Work to be completed
Verbatim output of the lines below is required, with the images omitted.

Data provided
-------

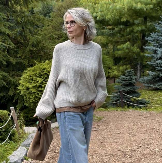 Свитер можно носить как на лицевую так и на изнаночную сторону. Широкий силуэт. Японское плечо. Горловина обработана планкой.
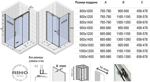 Душевой уголок Riho G006018120 Ocean 120х100 см L O203, профиль хром
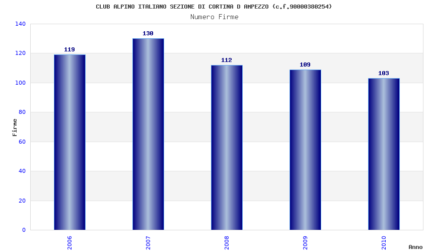 | Anno | Firme | Importi | Media | Naz. | Reg. | Prov. | Comu. |

-------

Worked solution
 Свитер можно носить как на лицевую так и на изнаночную сторону. Широкий силуэт. Японское плечо. Горловина обработана планкой.
 Душевой уголок Riho G006018120 Ocean 120х100 см L O203, профиль хром
 | Anno | Firme | Importi | Media | Naz. | Reg. | Prov. | Comu. |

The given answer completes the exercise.